Expression of an activated FGF receptor results in increased phosphorylation of STAT5 in Xenopus embryos. Shown are representative Western blotting experiments on samples that had been immunoprecipitated with antibodies specific for the myc epitope (M) or equivalent samples that were processed similarly using an isotype-matched control antibody (C).

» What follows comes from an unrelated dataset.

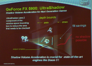 また、FX5900シリーズでは「UltraShadow」と「Intellisample HCT」の2つの機能が追加された。UltraShadowは、陰影に関わる処理負荷を軽減させ、描画演算速度を改善させる工夫。処理する奥行きを設定し、さらに視点から隠れて見えない部分の「演算不要領域」を求めることで、演算回数を削減する。

Lysates were derived from pools of 20 stage 12 embryos that had been injected with RNA encoding LacZ as a control (lanes 1, 2), myc-tagged xSTAT5 (myc STAT5, lanes 3, 4), the constitutively activate isoform of the FGFR1 (torso) + myc-STAT5 (myc S5, lanes 5, 6), eFGF + myc STAT5 (lanes 7, 8), myc-STAT5 + the dominant-negative FGFR1 (XFD, lanes 9, 10), or the constitutively active isoform of the FGFR1 (torso) alone (lanes 11, 12). Blotted samples were probed sequentially using antibodies for total STAT5 protein (top panel), STAT5 phosphorylated specifically at tyrosine 695 (P-STAT5, middle panel), or total myc-tagged proteins (myc, bottom panel). The phospho-STAT5 levels are increased over baseline upon expression of torso (arrow in lane 6), although the baseline levels of phospho-STAT5 are not reduced in the presence of XFD.